I am on an HPC where I am trying to resume a pre-existing dorado run. The system can pre-empt my job if a higher priority one gets queued. It was running fine for 8 hours, then got pre-empted. Upon resume, my HPC script triggers dorado again with the "resume-from" option. However, it fails to start up again on resume. The expected behavior is that it should just continue.

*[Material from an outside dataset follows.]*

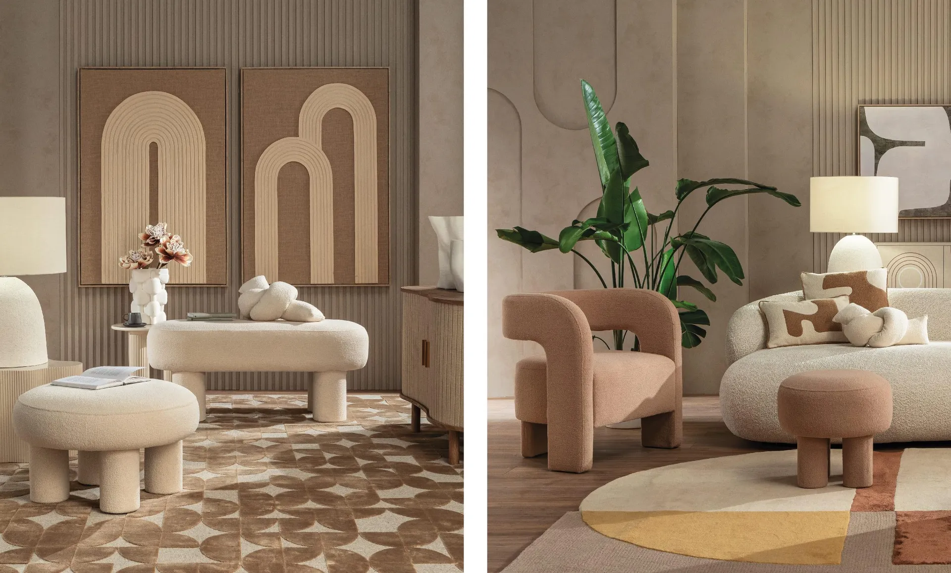 Poltroncine e pouf diventano elementi scultorei e funzionali allo stesso tempo, pezzi che evocano la purezza del design classico reinterpretato in una chiave di assoluto comfort contemporaneo. Le linee arrotondate, prive di spigoli, creano una sensazione di equilibrio e fluidità, come se ogni elemento fosse stato levigato dal tempo.

I've used this framework for other runs that do not use --mm2-opts.

The HPC log:

(base) [billylau@sh02-ln02 login /scratch/groups/hanleeji/20241221_PRM_placeholderRNA]$ cat slurm-57553328.out
basecalls do not exist
[2024-12-30 01:25:39.891] [info] Running: "basecaller" "sup" "Seq_Output/20241221_1125_3H_PBA28444_cc23ecf0/" "--mm2-opts" "-x splice --junc-bed /home/groups/hanleeji/Resources/gencode.v47.annotation.junc.bed --secondary=no" "--recursive" "--min-qscore" "7" "--no-trim" "--kit-name" "EXP-NBD196" "--reference" "/home/groups/hanleeji/Resources/hs38_naa.fna"
[2024-12-30 01:25:41.189] [info] Assuming cert location is /etc/ssl/certs/ca-bundle.crt
[2024-12-30 01:25:41.192] [info]  - downloading [email protected] with httplib
[2024-12-30 01:25:45.965] [info] > Creating basecall pipeline
[2024-12-30 01:25:48.802] [info] Calculating optimized batch size for GPU "NVIDIA A100-SXM4-40GB" and model /scratch/groups/hanleeji/20241221_PRM_placeholderRNA/.temp_dorado_model-4f25f59ad8abf8a7/[email protected]. Full benchmarking will run for this device, which may take some time.
[2024-12-30 01:25:57.276] [info] cuda:0 using chunk size 11520, batch size 512
[2024-12-30 01:25:57.710] [info] cuda:0 using chunk size 5760, batch size 576
slurmstepd: error: *** JOB 57553328 ON sh03-14n09 CANCELLED AT 2024-12-30T09:18:44 DUE TO PREEMPTION ***
basecalls exists - resuming
[2024-12-30 09:37:14.183] [info] Running: "basecaller" "sup" "Seq_Output/20241221_1125_3H_PBA28444_cc23ecf0/" "--mm2-opts" "-x splice --junc-bed /home/groups/hanleeji/Resources/gencode.v47.annotation.junc.bed --secondary=no" "--recursive" "--min-qscore" "7" "--no-trim" "--resume-from" "dorado/20241221_1125_3H_PBA28444_cc23ecf0/old.bam" "--kit-name" "EXP-NBD196" "--reference" "/home/groups/hanleeji/Resources/hs38_naa.fna"
[2024-12-30 09:37:15.346] [info] Assuming cert location is /etc/ssl/certs/ca-bundle.crt
[2024-12-30 09:37:15.350] [info]  - downloading [email protected] with httplib
[2024-12-30 09:37:20.278] [info] > Creating basecall pipeline
[2024-12-30 09:37:23.217] [info] Calculating optimized batch size for GPU "NVIDIA A100-SXM4-80GB" and model /scratch/groups/hanleeji/20241221_PRM_placeholderRNA/.temp_dorado_model-11523696db1f8c87/[email protected]. Full benchmarking will run for this device, which may take some time.
[2024-12-30 09:37:30.946] [info] cuda:0 using chunk size 11520, batch size 864
[2024-12-30 09:37:31.626] [info] cuda:0 using chunk size 5760, batch size 864
[2024-12-30 09:38:41.222] [info] > Inspecting resume file...
[2024-12-30 09:38:42.285] [error] finalise() not called on a HtsFile.
[2024-12-30 09:38:42.313] [error] Too few arguments for '--mm2-opts'.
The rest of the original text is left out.